Opinion

Buying peace is now a lucrative industry

£1.7 million of public money has been given to a UDA-linked group.
£1.7 million of public money has been given to a UDA-linked group. £1.7 million of public money has been given to a UDA-linked group.

It says a lot about how conditioned we've become to accepting the unacceptable when the allocation of £1.7 million of public money to a UDA-linked group, as reported in this paper last week, was all but ignored by the rest of the media.

In Northern Ireland the abnormal has become the norm and the line between what counts as community development and what is simply the bribing of paramilitaries to behave themselves is incredibly blurred.

It's a matter of record that there are many people who once released from prison threw themselves into peace building and working towards the betterment of their communities, and those people are to be commended.

In the early days much of this work was unpaid as former prisoners - who thought they'd been the recipients of an amnesty but quickly learned the Masters degree they achieved in jail was pretty worthless when a record meant they couldn't even get an interview - took up the task of helping rebuild broken communities.

However, somewhere along the line that has turned into an industry, in some cases and for some individuals quite a lucrative one.

While it won't make me popular saying it many of the community jobs that later emerged were fabricated by the British government, the Blair administration's way of neutralising any dissent among among republicans.

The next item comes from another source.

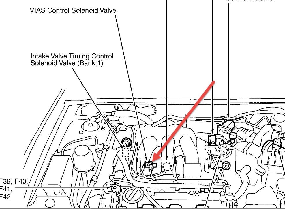 code 1800 may be your problem it's the variable induction air control system solenoid. It also may be a vacuum leak the other codes deal with knock sensor and evap system but the 1800 code may be causing at least one of those. BTW there is no code 455. arrow in pic points to part
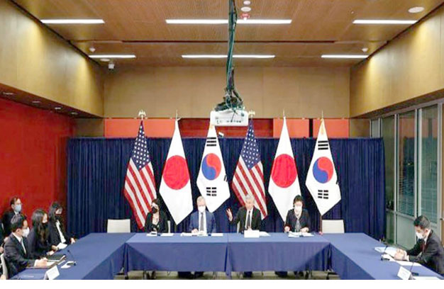 លោក Kim Sol Hwa មកពីវិទ្យាស្ថានក្រសួងការបរទេសកូរ៉ខាងជើងសម្រាប់ការសិក្សាប្រទេសជប៉ុនបាននិយាយថាប្រសិនបើជប៉ុនបន្តបង្កើតសម្ព័ន្ធភាពយោធាត្រីភាគីដឹកនាំដោយសហរដ្ឋអាមេរិក… … វានឹងនាំតំបន់អាស៊ីឦសានចូលទៅក្នុងអស្ថិរភាព ហើយទីបំផុតវាប្រែទៅជាសមុទ្រនៃអណ្តាតភ្លើង ដែលនឹងត្រូវវិនាស។

Loyalists arrived late to the publicly funded party.

Aspects of the peace accord that were either deeply unfair or unworkable were soon forgotten about when those who held sway in the community were given a government wage to hold 55 different meetings to discuss what should be done with a piece of waste ground.

Millions spent so that the same dozen people could hold meetings, workshops and residentials about the future of a peace wall or painting over a mural with a different kind of mural.

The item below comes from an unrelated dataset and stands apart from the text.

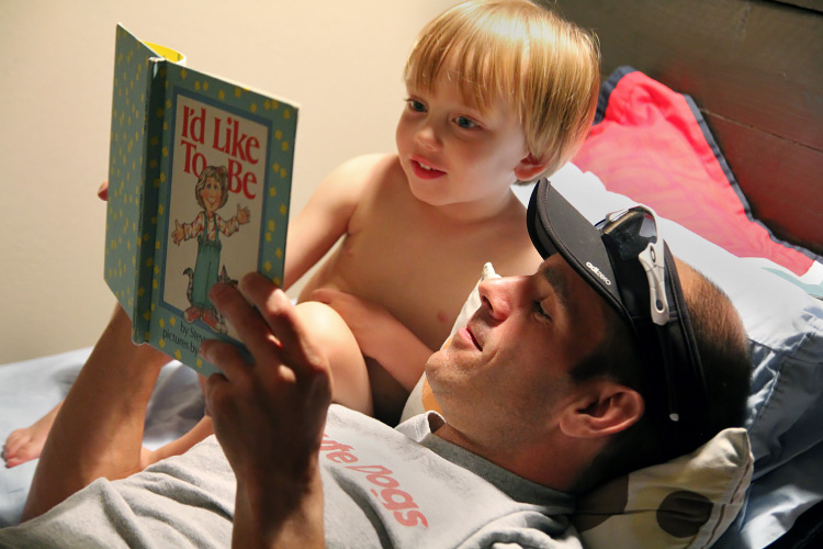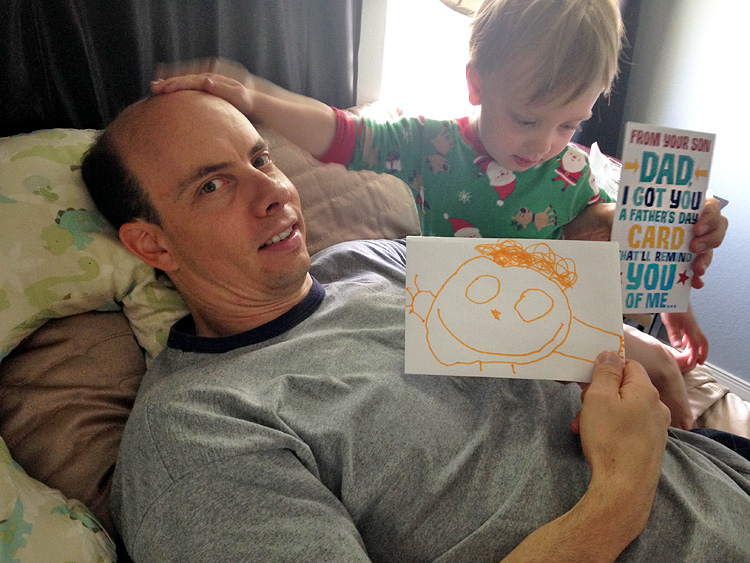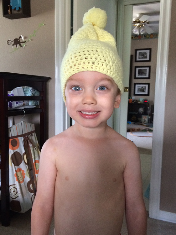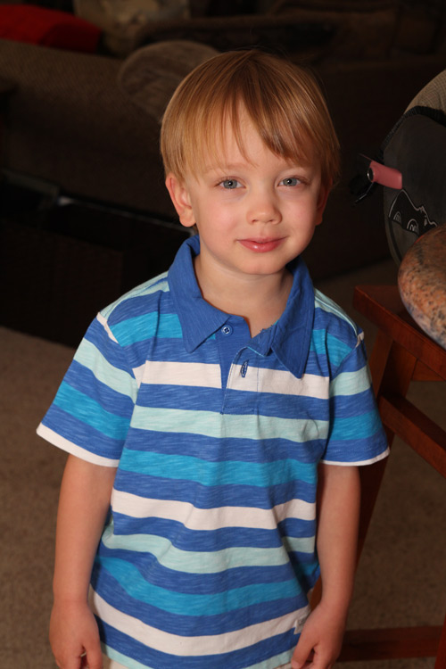 Just before Evan arrived, we helped celebrate the conclusion of Calan’s first year of preschool. He had a fun day, getting to wear pajamas and eating a special pancake morning snack. For a while now, when Calan puts on his pajama bottoms he makes sure they are inside-out. That way the tag can stick out in the rear. He calls this his “tag tail”, and it’s very important it be there. We explained this quickly to his teacher, Mrs. Means, when she noticed this funny style.

They were sent on funded junkets to eastern European concentration camps or the battlefields of France and Belgium under the guise that learning about the history of global conflict would stop them extorting builders and kneecapping car thieves.

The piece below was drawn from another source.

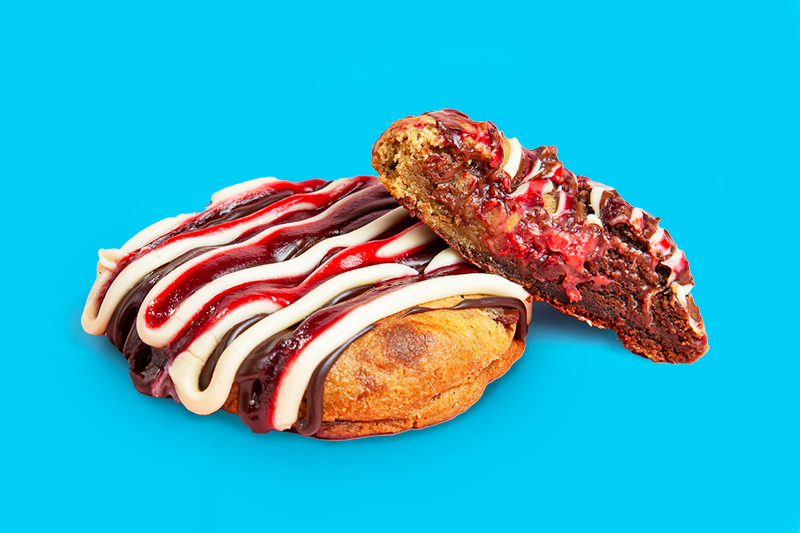 Massa de triplo chocolate com recheio de framboesa e cobertura de chocolate. Doce com toque ácido.
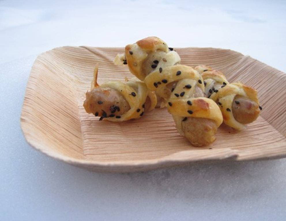 - Die Würstel damit von oben nach unten, diagonal aufwärts, umwickeln und so ein hübsches Gitter erzeugen.

You'd be hard pushed to find a single loyalist 'community worker' who hasn't been on a fully funded trip to the Somme. If you know one ask them, some have been numerous times.

What benefit this has for someone living in the Shankill with a chronic disability or trying to raise three children in a damp home is anyone's guess but if you pop into your local government funded community office I bet you'll find a bloke in there who will able to tell you a lot about the First World War, take your mind off Tory austerity.

The tactic used by Blair's government to bring republicans along in the early days is now being replicated to deal with unruly loyalists.

Only now the DUP/Sinn Féin coalition are delivering the policy of anaesthetisation, giving the British another degree of separation should any uncomfortable truth comes out to show the recipients haven't moved away from criminality at all but are just better at covering their tracks.

Loyalists were left behind by the process, partly because they trusted mainstream unionism to fight their corner and that never happened, but mainly because loyalist paramilitary groups are structured in a different way from the Provisional IRA.

With no central command structure and individuals profiting from the proceeds of crime it was almost impossible to convince them to fully sign up to peace. They don't move either forward or back as one disciplined group but are a collection of small fiefdoms.

Loyalists remain the fly in the ointment hence why they are currently being showered with community cash. I'd hazard a guess that'll distract them nicely while the final elements of the peace process, flags, parading, victims and legacy are settled.

The one thing that wasn't factored in to this latest phase of financial bribery was an opposition who would rightly question why in times of genuine need and austerity huge sums of public cash are being entrusted to a paramilitary group who are still very much in business.

Not so much a Fresh Start as a rehash of an old policy of buying peace, a policy that relies almost entirely on a never ending pot of cash.